Şef Hazer Amani - Kuzu Tandırlı Ekmek Aşı: Urfa’nın Klasik Lezzetleri
Hazer Amani, geleneksel ekmek aşını modern bir dokunuşla yorumladı. Şanlıurfa’nın kuzu tandırı ve Urfa fıstığı gibi zengin lezzetleri bir araya getiren Amani, tabağında hem geçmişi hem de geleceği birleştirmeyi başardı. Tabaktaki her bir malzeme, Şanlıurfa mutfağının derinliklerinden izler taşıyor.
Şef Cüneyt Asan ve Şef Doğa Çitçi - Firikli Kebabı: Tarihin Lezzet Yansıması
Cüneyt Asan ve Doğa Çitçi, firik adı verilen yerel ürünü kullanarak tarihten günümüze uzanan bir yolculuk yaptı. Firik, tütsülenmiş buğdayın en özel halidir ve bu eşsiz malzeme, Urfa’nın kebap kültürüyle buluşturuldu. Firik Kebabı, sadece tadıyla değil, yapısı ve rayihasıyla da benzersiz bir deneyim sundu.

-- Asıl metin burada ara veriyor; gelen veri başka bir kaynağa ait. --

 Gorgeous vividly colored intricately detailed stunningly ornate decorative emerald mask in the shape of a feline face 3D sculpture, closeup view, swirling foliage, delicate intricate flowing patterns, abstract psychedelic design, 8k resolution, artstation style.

Şef Yaren Çarpar - Modern Yorumuyla “Bi Nevi Şıllık”
Şanlıurfa’nın ünlü tatlısı Şıllık, Yaren Çarpar tarafından modern bir yorumla sunuldu. Urfa fıstığı, pekmez ve isot gibi yerel malzemelerle yapılan bu tatlı, hem geleneksel hem de yenilikçi bir dokunuş taşıyor. Çarpar, krep hamurunu çıtır hale getirerek tatlının dokusunu değiştirdi ve içine pralin dolgusu ekledi. Şerbeti ise, tatlının içine yerleştirildiği katmanlarda saklı kaldı.

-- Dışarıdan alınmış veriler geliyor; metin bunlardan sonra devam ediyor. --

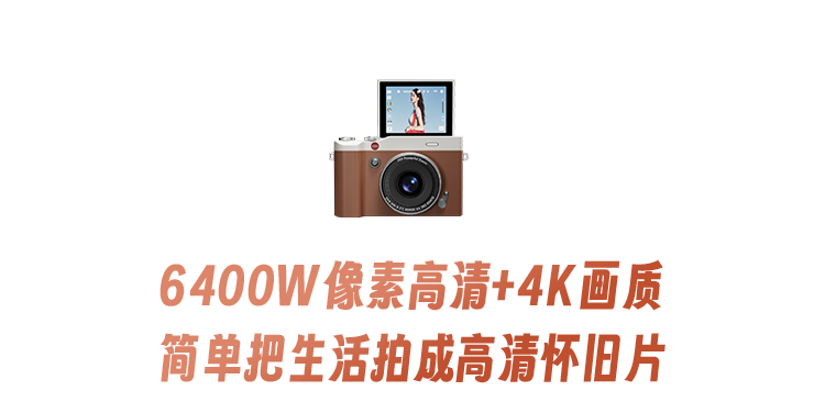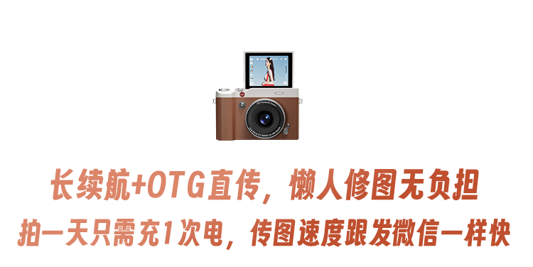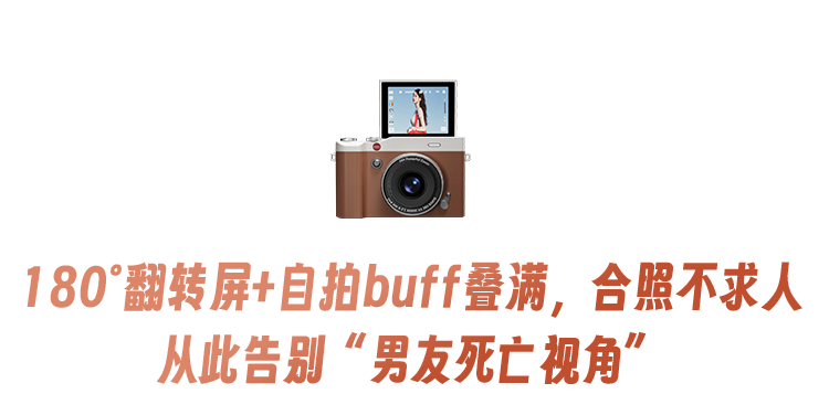 机身仅巴掌大小,180°翻转屏,自拍不求人;按键简洁,上手就会用。带它出游,比一瓶防晒霜还要轻!

Şanlıurfa’nın Geleceğe Bıraktığı Lezzet Mirası
Proje hakkında açıklama yapan AK Parti Şanlıurfa Milletvekili Cevahir Asuman Yazmacı, bu gastronomi projesinin Şanlıurfa’nın mutfak kültürünü tanıtma adına büyük bir adım olduğunu belirtti. Yazmacı, bu yıl ilk kez gerçekleştirilen projeyi geleneksel hale getirmeyi ve Türkiye geneline yaygınlaştırmayı hedeflediklerini ifade etti. Proje, Şanlıurfa’nın gastronomi turizmi açısından da büyük önem taşıyor.
Cevahir Han işletmecisi Ceren Odabaşı ise, Urfa fıstığı, İsot ve firik gibi özel malzemelerin, bölgenin mutfak kültürünü gelecek nesillere taşıyan önemli unsurlar olduğunu vurguladı. Ayrıca, gastronomi turizmi açısından bu tür projelerin bölgesel kalkınmaya da katkı sağladığını belirtti.